» Instructions for the task: Repeat the records below exactly as they appear, leaving out any pictures.
** Data to process follows **
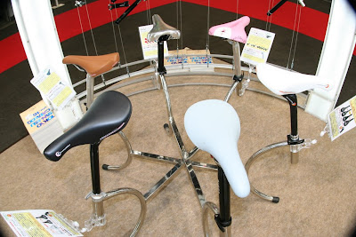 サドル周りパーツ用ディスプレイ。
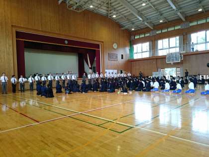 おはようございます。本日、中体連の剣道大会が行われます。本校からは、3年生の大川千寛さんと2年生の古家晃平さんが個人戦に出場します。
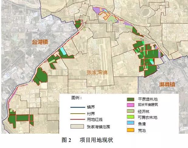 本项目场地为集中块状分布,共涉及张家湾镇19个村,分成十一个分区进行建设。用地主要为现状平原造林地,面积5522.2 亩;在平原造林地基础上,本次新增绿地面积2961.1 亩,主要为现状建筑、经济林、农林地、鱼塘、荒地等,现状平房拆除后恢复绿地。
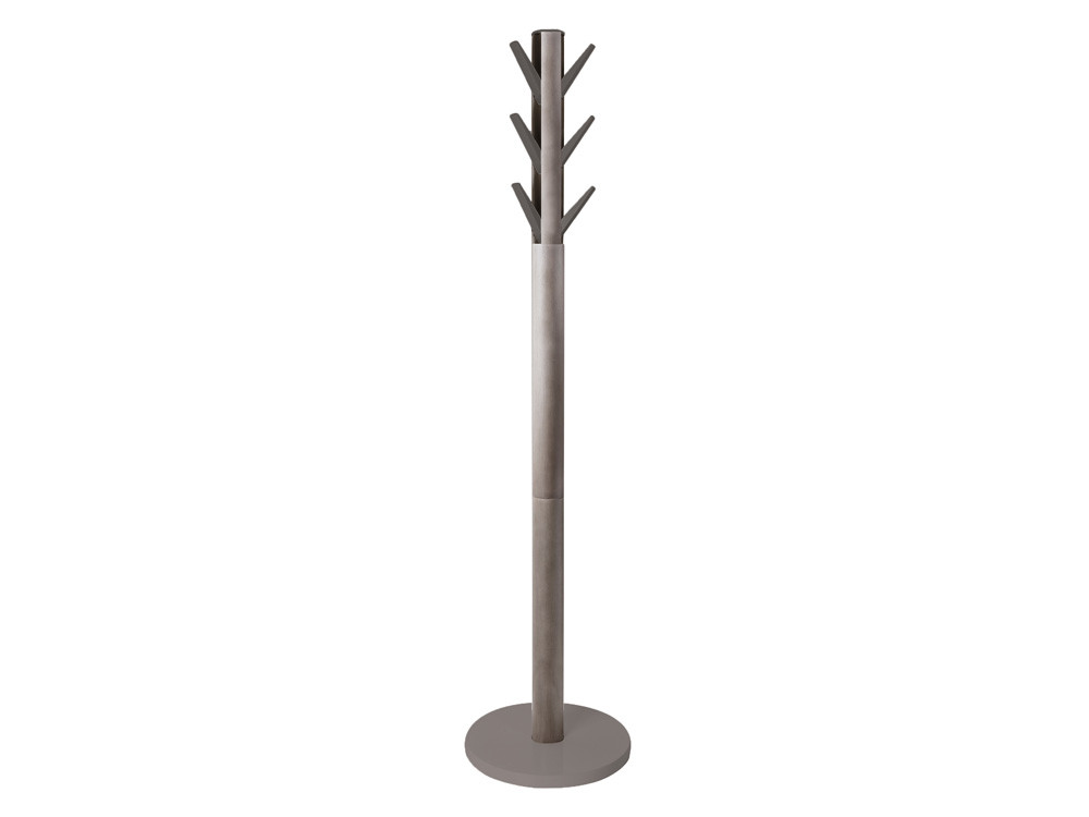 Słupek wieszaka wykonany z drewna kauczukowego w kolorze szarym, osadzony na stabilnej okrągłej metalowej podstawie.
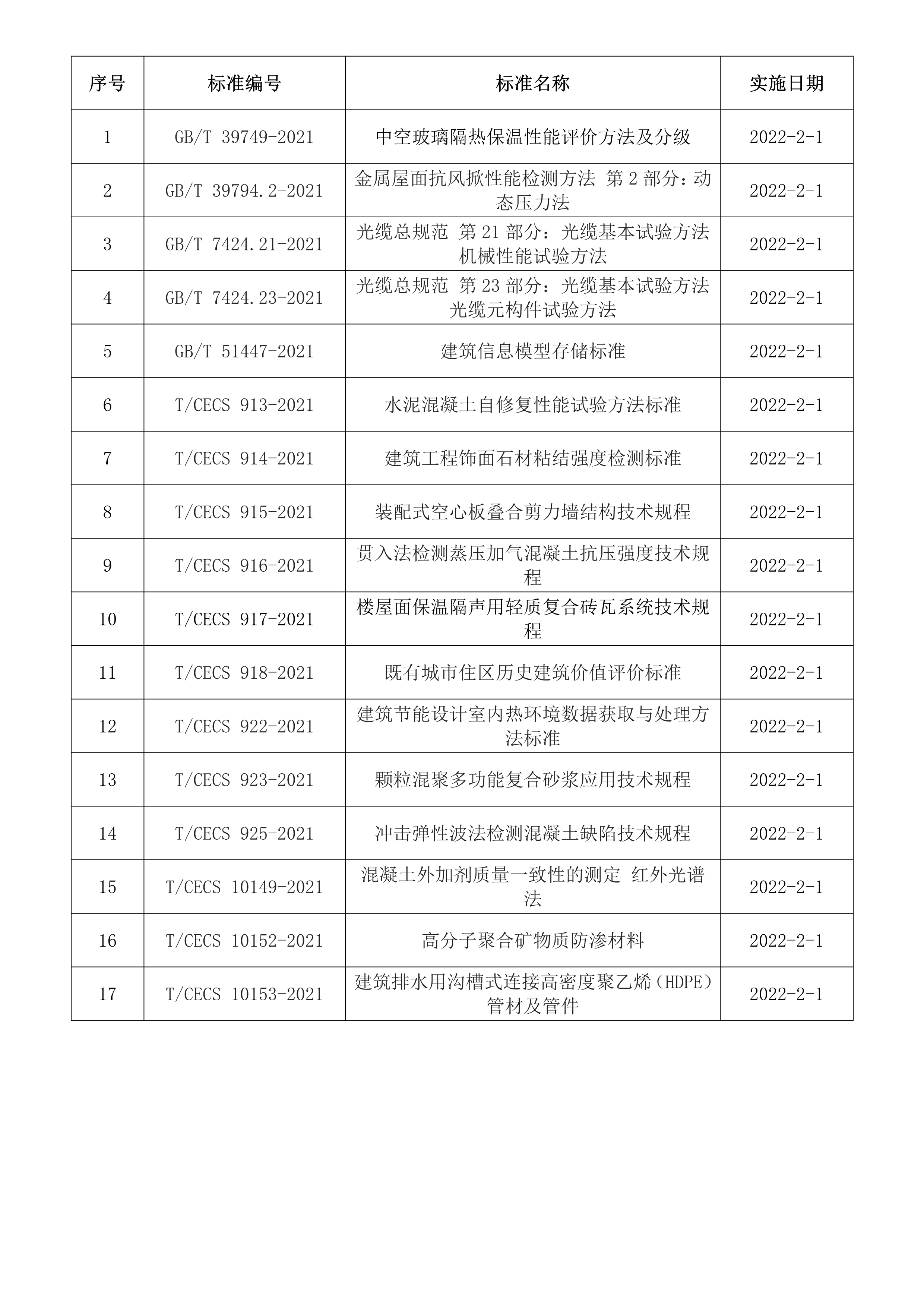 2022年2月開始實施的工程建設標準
** End of Data to process **
» Solution to this problem:
 サドル周りパーツ用ディスプレイ。
 おはようございます。本日、中体連の剣道大会が行われます。本校からは、3年生の大川千寛さんと2年生の古家晃平さんが個人戦に出場します。
 本项目场地为集中块状分布,共涉及张家湾镇19个村,分成十一个分区进行建设。用地主要为现状平原造林地,面积5522.2 亩;在平原造林地基础上,本次新增绿地面积2961.1 亩,主要为现状建筑、经济林、农林地、鱼塘、荒地等,现状平房拆除后恢复绿地。
 Słupek wieszaka wykonany z drewna kauczukowego w kolorze szarym, osadzony na stabilnej okrągłej metalowej podstawie.
 2022年2月開始實施的工程建設標準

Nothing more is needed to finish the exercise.